For developers currently on the paid XS.2 API tier, the upgrade to XS 2.1 is seamless — pricing is matched, the model ID changes from poolside/laguna-xs.2 to poolside/laguna-xs-2.1, and no other integration changes are required.

For new evaluators starting fresh, Poolside recommends using its terminal-based coding agent, pool, as the primary interface. The agent is open-source, ACP (Agent Client Protocol) compatible, and the same harness Poolside uses internally for model training and evaluation. Developers can also access the model through any ACP-compatible client.

Read more: AI Agent Business Models Split Four Ways: Open-Source Infrastructure, Token Distribution, SaaS, Acquisition


Frequently Asked Questions

What is Mixture-of-Experts (MoE) and why does it matter for local deployment?

Mixture-of-Experts is a neural network design that replaces dense feedforward layers with a set of specialized "expert" sub-networks and a router that directs each token to only a few of them. Because only a small fraction of total parameters activate per token, a large MoE model costs no more compute per inference step than a much smaller dense model. Laguna XS 2.1 has 33 billion total parameters but activates 3 billion per token — about 9% of its capacity. That is what allows it to run on a single GPU while retaining the knowledge breadth of a much larger system.

How does Laguna XS 2.1 compare to Claude Code, GitHub Copilot, and Cursor?

Claude Code, GitHub Copilot, and Cursor are closed APIs or API-dependent tools — they cannot be downloaded and run on private infrastructure without sending code to a third-party server. Laguna XS 2.1's open weights can be downloaded and run entirely on a developer's own hardware, making it the relevant alternative specifically for organizations with data residency requirements, air-gapped environments, or budgets that favor compute over per-token costs at scale. On benchmark scores, XS 2.1 is competitive within the open-weight 33B class but trails the frontier closed models (Claude Mythos Preview, GPT-5 series) on absolute performance. The right comparison is against other locally-deployable open-weight coding models: Cohere's North Mini Code, Qwen3.6-35B-A3B, and similar weight-class options.

Are the SWE-bench scores independently verified?

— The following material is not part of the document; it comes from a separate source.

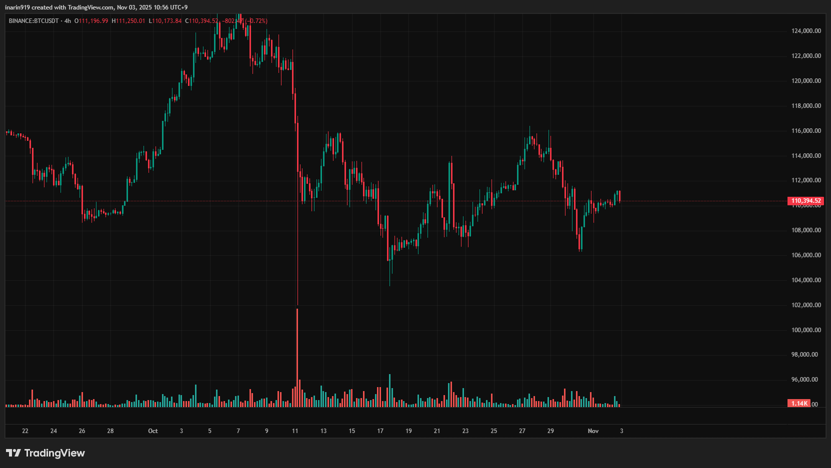 ビットコイン、11万2,000ドル~10万6,000のレンジ形成
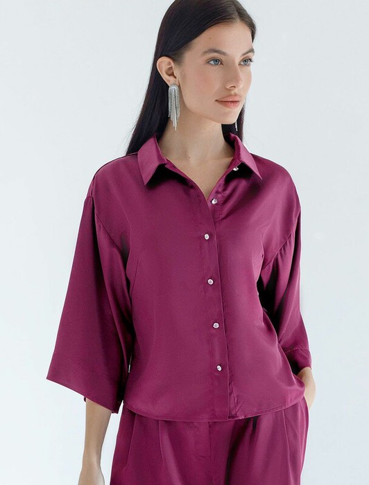 Vilatte Блузка с короткими рукавами из плотного струящегося сатина D29.280 бургу

No. All Poolside benchmark results for XS 2.1 come from Poolside's own evaluation runs, using the Laude Institute's Harbor Framework with Poolside's agent harness. Comparison model scores came from other vendors' release materials, not a neutral third-party evaluation. Poolside ran a post-hoc reward-hacking check and found no significant issues, but the numbers are self-reported. Developers should treat these as signals rather than proofs and run their own benchmarks on representative tasks before making infrastructure commitments.

What is the OpenMDW-1.1 license, and is XS 2.1 safe for commercial use?

OpenMDW-1.1, developed by the Linux Foundation with Amazon, Meta, IBM, Microsoft, and others, is a permissive license built specifically for AI model weights and related artifacts. It grants copyright, patent, database, and trade secret rights for any use — including commercial deployment, modification, and redistribution. The only obligation is retaining the license file in any redistribution of the model materials. Generated outputs carry no license obligations. NVIDIA has adopted OpenMDW-1.1 for its Cosmos, Isaac GR00T, and Nemotron model families. For teams that previously avoided open-weight models due to Apache 2.0 ambiguity around weights versus software, OpenMDW-1.1 resolves most of those concerns.